I’m afraid the technical jargon is above my head, but I wonder if anyone can help?
I have a smart hub 2 and live in a T shaped stone barn.
To get a WiFi signal throughout we needed three BT discs which gives us good WiFi coverage throughout.
We had four phones in the house on the copper system
Last Monday we were put on Digital Voice and were provided with two Essential BT phones.
They work well provided they are in range of the Smart 2 hub, which covers about 1/3rd of the house.
However they do not connect to the BT discs, which after hours on the phone to them they admit they won’t!
They sent out a tech engineer on Saturday who said that if they supplied an adaptor we could plug that in near a disc and and plug our old cordless phones in to that.
it arrived this morning and that will only work if it is in range of the hub, it won’t work with the discs. They now admit both the phones and the adaptor won’t work with the discs
What is going on? Why do they supply phones which won’t work with the discs they supply.
Is it a software issue? We heard from our boiler man this afternoon that he had three customers with exactly the same problem, but when you talk to BT they make out this is all new to them!
Can somebody explain to me in layman’s language why they are providing a system that doesn’t work?!
Does anybody have a solution?
Digital Voice does not use WiFi, it uses DECT which is the technology that normal cordless phones use. The hub is just a combined WiFi router and cordless base station.

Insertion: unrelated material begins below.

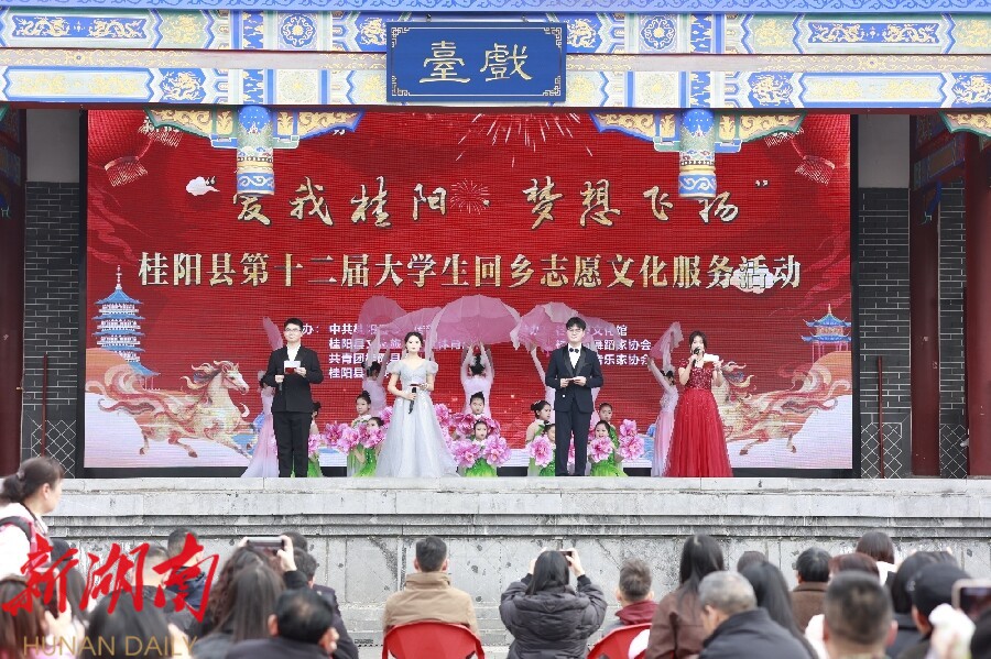 新桂阳2月14日讯(记者 陈勇 欧阳宇轩)2月13日,“爱我桂阳·梦想飞扬”2026年桂阳县大学生春晚在文化园古戏台精彩上演,为广大市民呈现了一场融合青春风采、地域文化与时代新意的视听盛宴。

I have moved your post to start a new thread to avoid confusion with replies as your problem is different to the thread you posted on.
There are a number of solutions.
If your hub is adjacent to a phone socket, you can simply connect the green phone socket on the rear of the hub to the phone socket with a double ended phone cord extension cord and then use your existing setup of cordless phones. You will need to disconnect the incoming wires to your master socket first to ensure your wiring is completely isolated from the Exchange.
Alternatively, you can site a Digital voice adapter at a suitable location where it can receive the signal from the hub and plug your existing cordless base station into that.
In one sentence you have explained what BT couldn’t in 3 hours and a visit!
I will try your suggestion of connecting to the back of the hub into our internal copper system, having disconnected the internal copper system from the exchange, and will connect to a cordless phone . It seems to me that it would work.
We have an Alarm system that if triggered sends out a voice message to our mobiles via the old BT copper system. This doesn’t work now and the security company wants more than £600 to make it. I think that their messaging system might have been powered off the BT phone line ( 50 v?)
Do you think that if they fitted a 50v supply to their message unit, which is wired directly into our internal copper telephone wires, and the telephone socket near the hub had a connector cable fitted, this would work. My thoughts are similar to your previous suggestion ie using the internal telephone wiring as an extension lead?
If you think this is a possibility the cost should be well below £100!
You would need to talk to the alarm company about that.
Yes, I would do that, as they would have to fit it.
But I think they would prefer to make a £600 sale!
It would be very helpful to know before I call them if it’s thought it could work.
Do you know the voltage that is used down the BT copper system?
thanks once more
Does the alarm have a battery? Some alarms are dualcomm e.g polling via the copper line and via mobile network, these days via IP too. Majority of the cost minus the monitoring centre was to cover the cost for using the mobile network
Thank for all your help and advice which is very much appreciated!